Gateway to the Classics: Kristy's Christmas Surprise by Olive Thorne Miller
Kristy's Christmas Surprise by  Olive Thorne Miller

The Magic Figure

"I DON'T mind giving up an hour or two to go and read to sick folks," exclaimed Kate crossly, "if they'll only keep their rooms half decent."

"Why, what's the matter now, Kate," asked her mother, "isn't it pleasant at Mary's?"

"Pleasant! it's simply horrid! Such a room I never saw! Furniture covered with dust, tables loaded with medicine things and dirty dishes, every chair with something on it, and I don't believe the windows were ever washed."

"But, my dear," said her mother, "you must remember that Mary's mother is poor, and—"

"But she might be clean," interrupted Kate.

"And she has her hands full to take care of all those children."

"Some of them are big enough to help," said Kate.

"There's that Bess! great lazy thing! with an apron a pig would be ashamed to wear!"

"Who is this Mary?" quietly asked Miss Faith, a lady who had come to visit Kate's mother only the day before.

"One of Kate's schoolmates," said Mrs. Barlow, "who fell on the ice and was hurt last winter. She is obliged to lie perfectly still, but the doctors hope she will be well after some months."

"Poor, did you say?" went on Miss Faith.

"Well, not beggars," said Mrs. Barlow, "but they have close work to get along. Her mother is a widow with four or five children, on a small income."

"And she does her own work," put in Kate, "what little's done; but I don't believe she ever clears up Mary's room. I should think she'd die; I should."

"And it wouldn't do, I suppose, to speak to her about it?" suggested Miss Faith.

"Dear me, no!" said Mrs. Barlow; "she's a high-spirited woman; has been used to better times. She would be mortally offended."
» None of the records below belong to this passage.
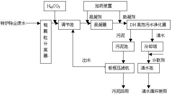 對轉爐除塵廢水處理的沉淀效率、水質穩定、污泥回收等幾個方面的考慮,以實現穩定的水閉路循環為目的,典型工藝流程如下:如果高爐煤氣洗滌水和轉爐除塵廢水混合后處理,可以達到水質穩定,工藝流程將簡化。
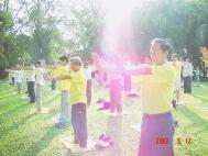 | 集体炼功 | 向师父问好 |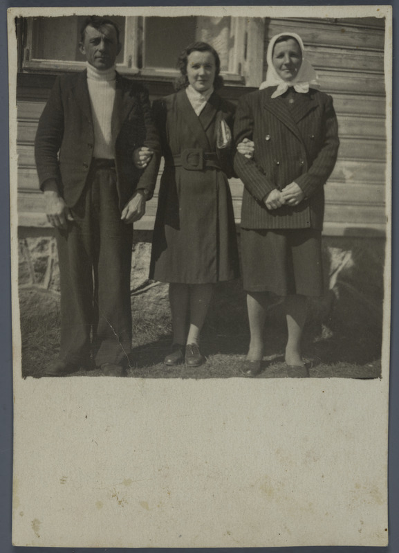 Kirjeldustõlge: mustvalgel fotol on kolmekesi kõrvuti seismas mees ja kaks naist. Keskel seisev noor naine hoiab mehel ja naisel käevangust kinni.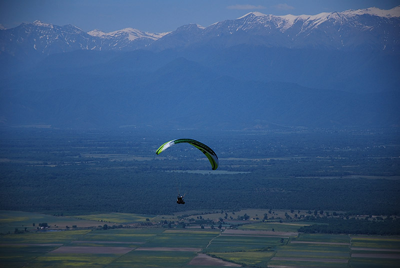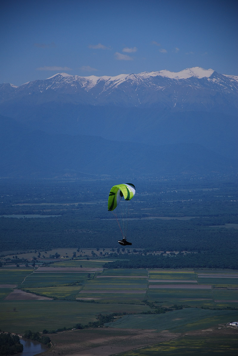 Комфорт, информативность. От аппарата, утыканного длинными лесками, я ожидал существенно более коварного и неоднозначного поведения. К счастью, ошибался. Похоже, конструктору Чили удалось совместить в одном и том же аппарате летучесть крыла с лесками и вменяемое, комфортное и предсказуемое поведение типичного «послешкольного» крыла. За несколько часов маршрутных полётов Чили заметно дёргался над головой всего пару раз. В основном же Чили «проглатывает» турбулентность, передавая на свободные концы и подвеску именно информацию, а не хаотические рывки и пинки. Для аппарата класса EN B информативность у Чили чуть выше среднего — та самая приятная острота, вынесенная в заголовок тест-драйва. Лишнего аппарат не передаёт, но то, что передаёт, доводит до пилота чётко, ясно и быстро. Для интермедиата с маршрутными амбициями — в самый раз!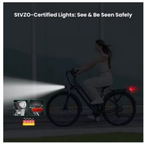 StVZO-zertifizierte Fahrradbeleuchtung & robuster Gepäckträger:Dank der StVZO-zertifizierten Fahrradbeleuchtung am Trekkingrad J1 ST wird die Sichtbarkeit im Straßenverkehr deutlich erhöht, ohne andere Verkehrsteilnehmer zu blenden. Dies sorgt für mehr Sicherheit beim Fahren im Straßenverkehr. Der robuste Gepäckträger erleichtert das Reisen und macht das Fahrrad ideal für Einkäufe, Pendelfahrten und längere Touren.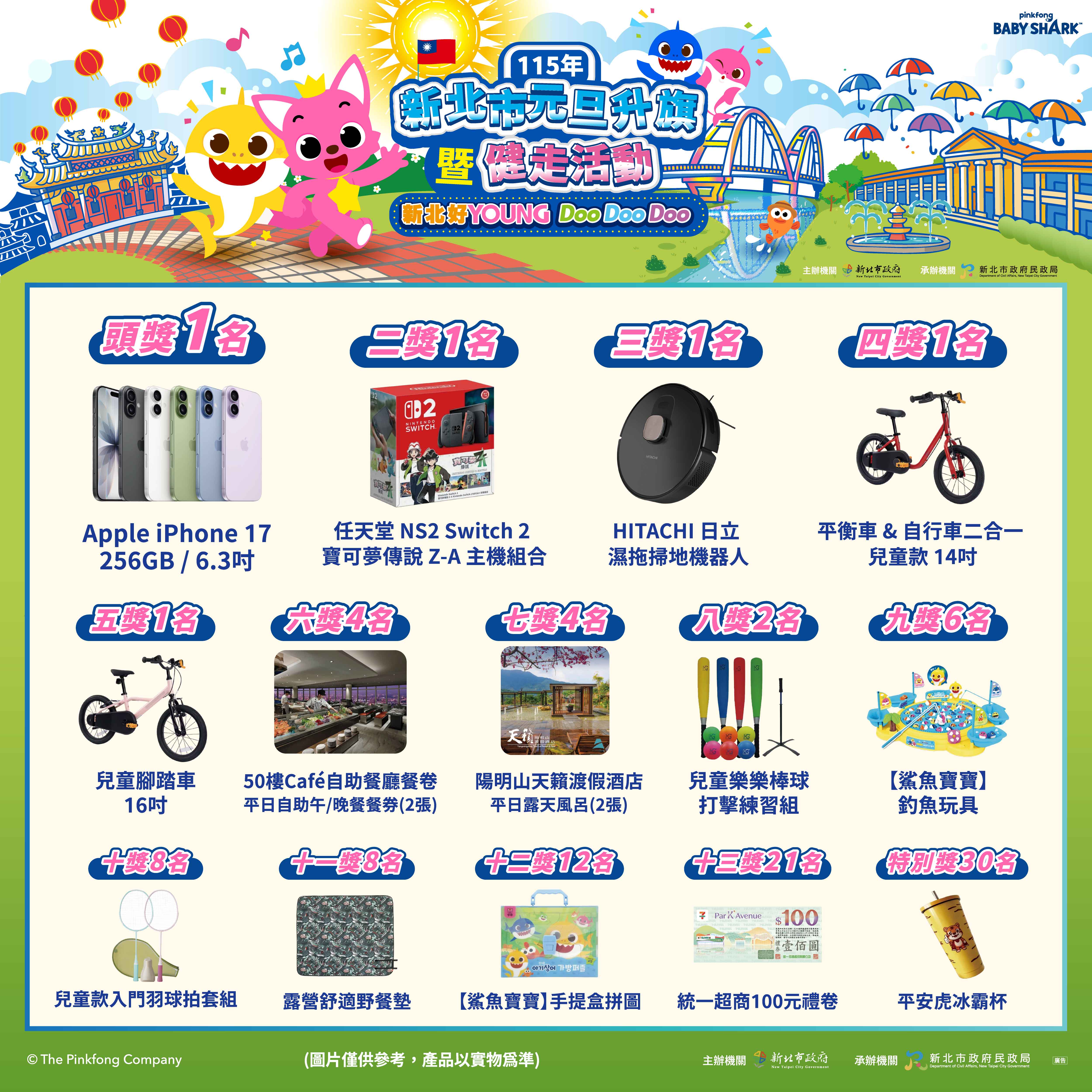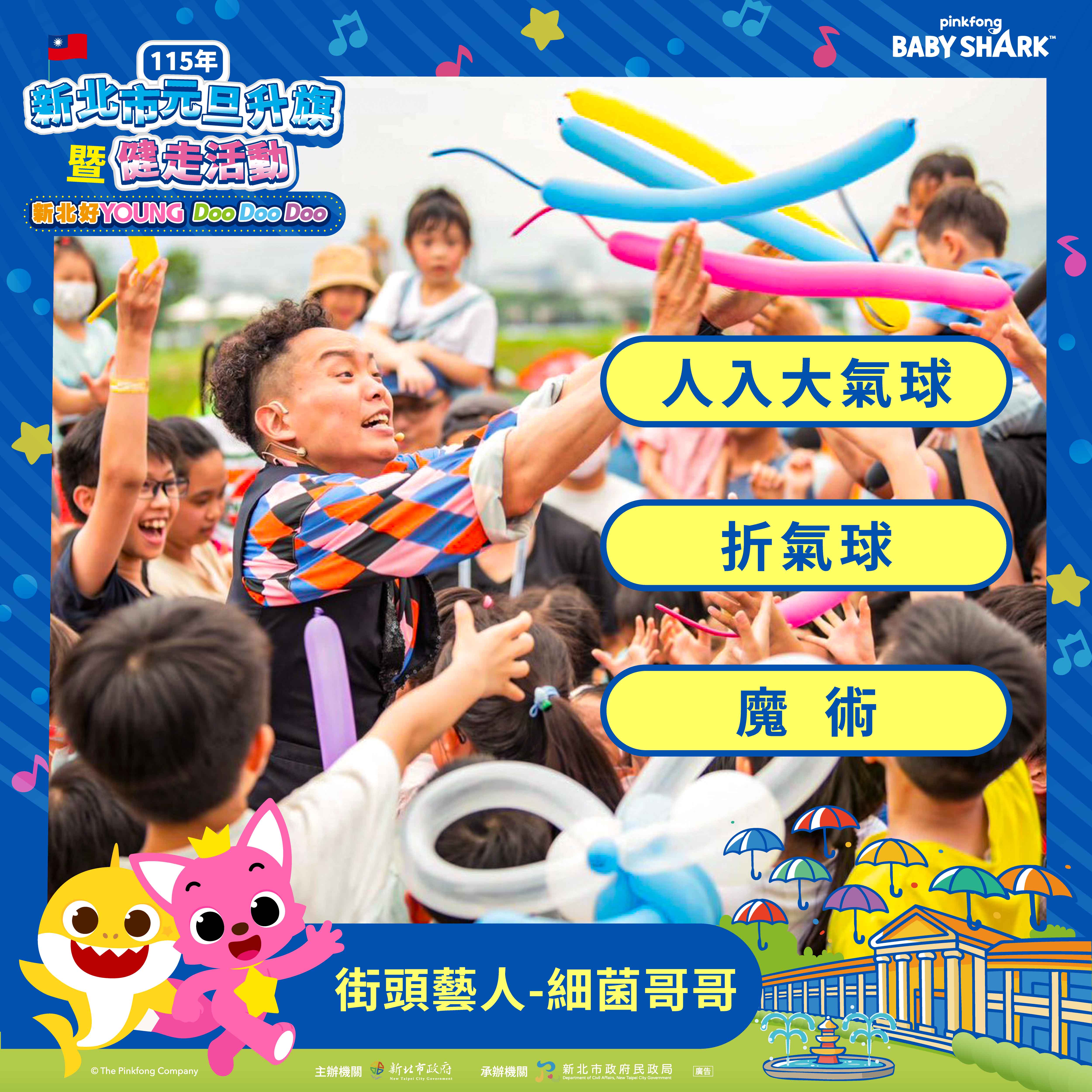 2026新北市元旦升旗暨健走活動,從上午9時至下午3時,首次邀請大家最愛的鯊魚寶寶及碰碰狐陪伴大、小朋友闖關、打卡拍照~

"I've seen such cases," said Miss Faith, with a smile, "and I know what to do for them. Kate, I think I can help you."

"I don't know what you can do," sighed Kate; "it seems to me a hopeless case."

"I'll use magic!" said Miss Faith, smiling.

"What!" exclaimed Kate and her mother in one breath.

"I'll send Mary a present," went on Miss Faith, "that shall work magic in the house; you'll be surprised at the result."

"If it clears up that house it'll be magic, sure enough," said Kate.

"It will!" said Miss Faith quietly. "I never knew it to fail. It will not take ten days to accomplish all you can ask."

"I must say I'd like to see it," said Kate, half unbelieving.

"Come up to my room and I'll show you," said Miss Faith, rising.

Kate followed her eagerly to her room, where she unlocked and opened her trunk. The contents of the trunk were rather unusual, but then Miss Faith was rather an unusual person. For dress she cared very little, yet she always was accompanied on her journeys by a big trunk. Kate had often wondered what was in it, and now she looked on with curiosity as Miss Faith took out one thing after another: a pile of children's clothes; three or four pairs of shoes of different sizes; several books—children's books; toys of a cheap and durable kind, and other things equally strange for an elderly lady to carry about in her trunk.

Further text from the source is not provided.